おうばく通信
BUCきょうと機関誌『ばっくる』連載エッセイ
2013年3月 1日 (金)
月刊きょうと/「raison d’etre(レゾンデートル)」(2013年3月)
今回は利用者のDOL-Bさん(男性)に、人の存在意義についての考察を書いていただきました。
私が子供の頃の「遊び」といえば、「鬼ごっこ」や「かくれんぼ」、「馬跳び」等々、友人らと一緒に遊んでいたものでした。
現在では、やはりゲーム。プレイステーションやWiiやDS、PSP、Xbox、PC等々を使ったゲームです。ファミリーコンピューターで、一人プレイの貧弱なゲームなどからスタートし、次第にハードウェア及びソフトウェアの進化に伴い、様々なソフトウェアがオンラインを前提としたゲームを発売。数年前からオンラインゲームが主流になりました。
オンライン系ソフトウェアでは、ゲームに参加する人たちが、自分のキャラクターを作り、同じように参加しているキャラクターと協力し合って仮想空間でゲームを進めます。
仮想空間とはいえ、ゲーム内では、キャラクター同士で挨拶もしますし、仲良くなると日常会話をしたりすることもあります。現実世界で、顔を見ながら挨拶はできなくても、自分の代わりのキャラクターとしてなら、チャットを使っての挨拶や日常会話ができる人もいるでしょうし、そういう意味で仮想空間は、かなりハードルが低くなっているように思います。
チャットには、言語表示や顔文字を使った言語チャットから、音声を使った音声チャットや自分の顔を映し出しながら行うビデオチャットまで様々あります。人それぞれが、自分で許せると思える範囲までで、チャットを使って複数の他キャラクターとコミュニケーションをとることができます。

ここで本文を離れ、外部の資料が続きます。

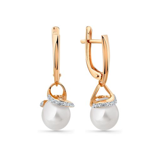 Красивые удлинённые серьги из красного и белого золота с натуральным жемчугом и блестящими фианитами
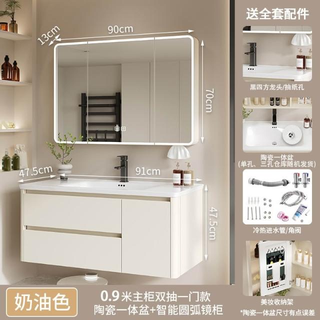 洗手臺陶瓷一體盆洗漱臺浴室櫃洗手盆浴室櫃組合洗臉盆蜂窩鋁
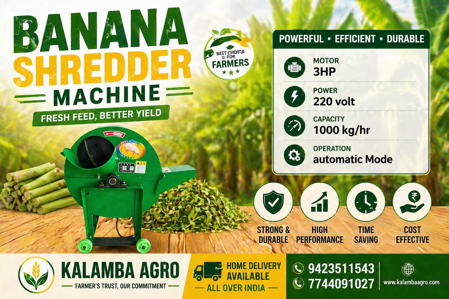 Banana Shredder Machine with 3HP Motor is a powerful and efficient machine designed for fast banana stem and waste shredding. It comes with 220 Volt power supply, 1000 kg/hr capacity, and automatic operation mode. Strong, durable, low maintenance, and ideal for farmers looking for high performance and time-saving agricultural solutions.
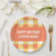 Cool yellow Gingham or Chequerboard Pattern. Click personalise to change the text to a name.
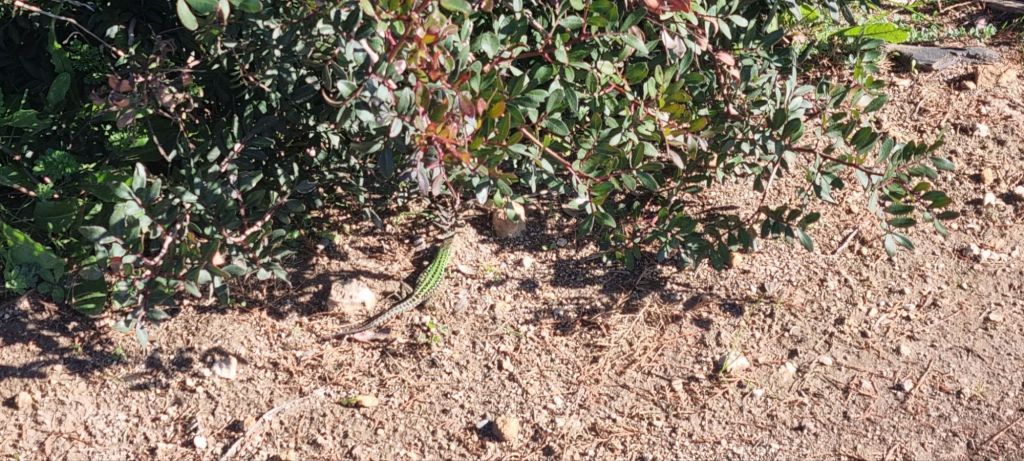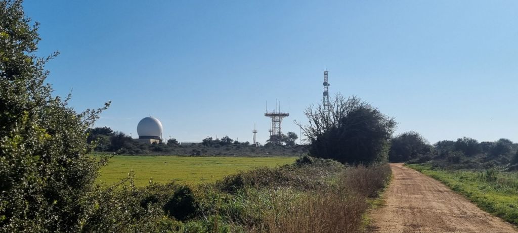 Weiter auf der Landroute der Via Francigena. Die Örtchen am Meer und den Leuchtturm hatte ich ja schon gesehen. Da der Küstenweg wohl teilweise sehr steil sein sollte entscheide ich mich für die Landroute. Weniger spektakuläre Ausblicke, aber sicherer. Und gut bewacht, an einem Posten der Nato vorbei. Mein Pausenblick auf die Ebene war aber auch sehr schön. Wieder ein Verteidigungsturm, aber schon wesentlich älter als die kleinen Geschütztürmchen.
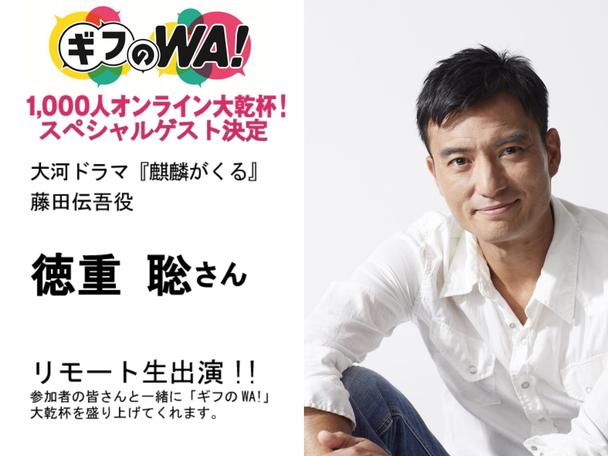 18:00:~20:00 「1,000人オンライン大乾杯!」 スペシャルゲストが藤田伝吾役の徳重聡さんに決定!
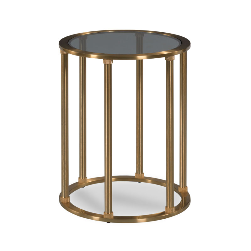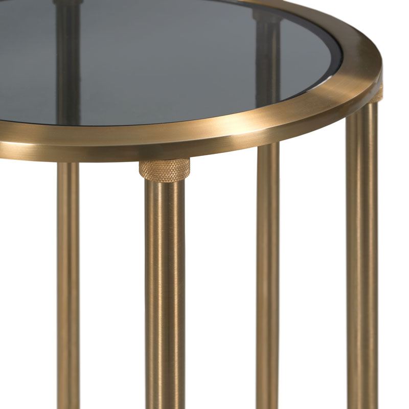 This elegant table has a round inset tinted glass top elevated by six rounded support posts over an round ring base.Material: Stainless steel and tempered glass
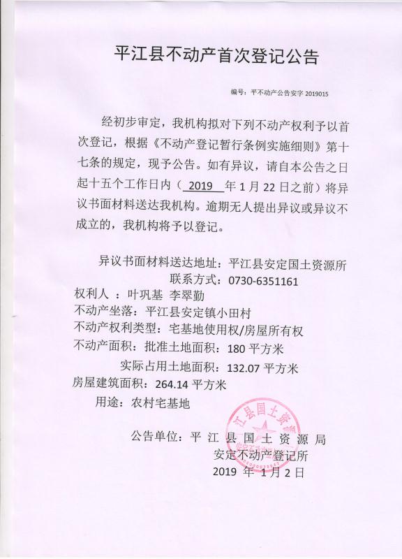 叶巩基 李翠勤不动产首次登记公告 安字2019015

ビデオチャットなどは、ほとんど現実世界と同じで、他のチャットも現実世界で使うコミュニケーションとほとんど同じ能力が必要となります。それは、こちらから挨拶しても挨拶してくれないとか、毎回言い掛かりをつけてくるとか、嫌がる行為を繰り返すキャラクターは、敬遠されていきます。ゲーム世界でも、やはりコミュニケーション能力が必要だと思います。
一人で行うゲームから、他者とコミュニケーションを取るゲームへと進化している状況を見ると、結局、人は、他者とのつながりを求めて、意志疎通ができて、感情などを共有することで、喜びが広がり大きくなるのではないのでしょうか。例え小さな喜びであっても、悲しみであっても、他者と共感することにより、自分自身の「存在意義」を確認することができるのではないかと思います。
私は、小学生の時に「いったい自分とは何なのか」ということを考えた事があります。今となっては、ボキャブラリーも知識も増えたので、それは、「自分自身の存在意義」を考えていたのだとわかりました。
存在意義がなければこの世から消えても良いのか。いったい自分は何のために存在し、何のために今ここにいるのか。とても深い疑問でした。人によっては、価値観の相違があり、考え方は千差万別ですが、私はこう思います。
それは、「人に同苦する慈悲の心」です。
人と同苦するツールとしてコミュニケーション能力が非常に大切だと考えています。他者とコミュニケーションをとり、意思疎通ができることの喜び。また、自分が他者の喜びとなる存在であること。私の言動や行動によって、人の役に立つこと。私は、そこに自分の生きる道、存在価値があると確信しています。この世に必要でない人などいない。病人であっても使命があり、人に喜びを送ることができます。
BUCで学んでいる「コミュニケーション」は、とても重要だと感じています。